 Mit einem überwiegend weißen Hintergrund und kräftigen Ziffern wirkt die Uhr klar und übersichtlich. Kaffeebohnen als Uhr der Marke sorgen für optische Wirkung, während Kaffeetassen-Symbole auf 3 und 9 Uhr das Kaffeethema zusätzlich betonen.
========================================================================
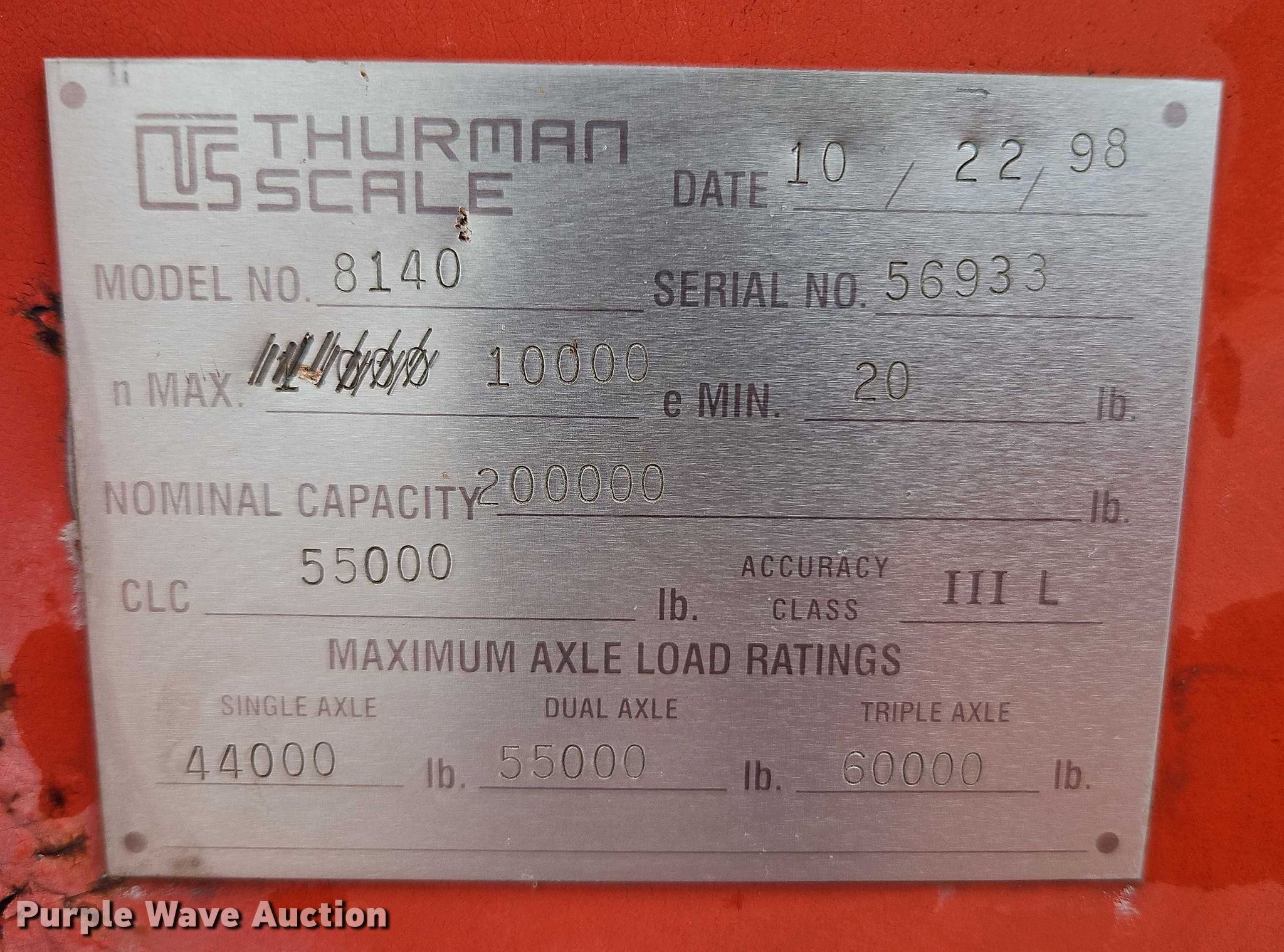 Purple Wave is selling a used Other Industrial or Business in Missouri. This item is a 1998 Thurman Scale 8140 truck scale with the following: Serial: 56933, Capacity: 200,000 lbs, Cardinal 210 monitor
========================================================================
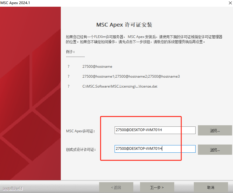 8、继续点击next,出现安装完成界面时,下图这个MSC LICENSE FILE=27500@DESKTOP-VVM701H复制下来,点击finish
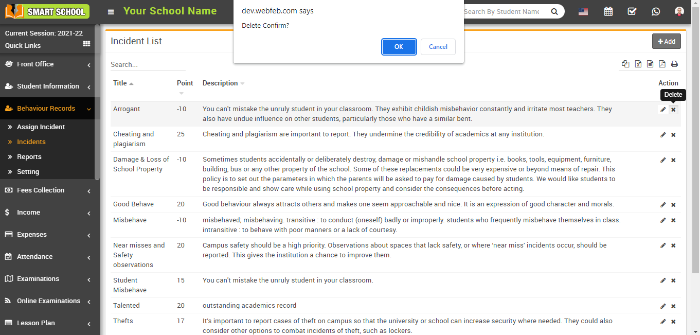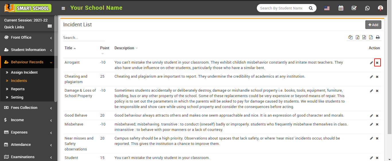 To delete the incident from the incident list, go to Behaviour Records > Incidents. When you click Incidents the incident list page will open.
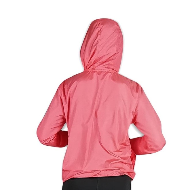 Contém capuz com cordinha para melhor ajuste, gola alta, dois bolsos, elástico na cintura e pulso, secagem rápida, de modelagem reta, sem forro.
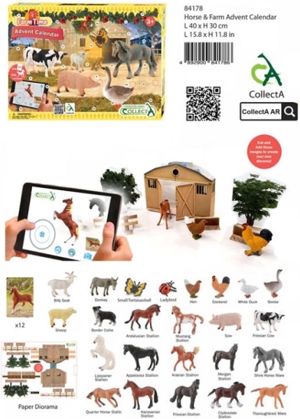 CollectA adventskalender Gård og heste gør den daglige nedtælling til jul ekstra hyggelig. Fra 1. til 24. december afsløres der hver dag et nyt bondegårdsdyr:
========================================================================
Go to the line above holding "Contém capuz com", then copy exactly each line down to and including the one holding "CollectA adventskalender Gård", leaving pictures out.

 Contém capuz com cordinha para melhor ajuste, gola alta, dois bolsos, elástico na cintura e pulso, secagem rápida, de modelagem reta, sem forro.
 CollectA adventskalender Gård og heste gør den daglige nedtælling til jul ekstra hyggelig. Fra 1. til 24. december afsløres der hver dag et nyt bondegårdsdyr:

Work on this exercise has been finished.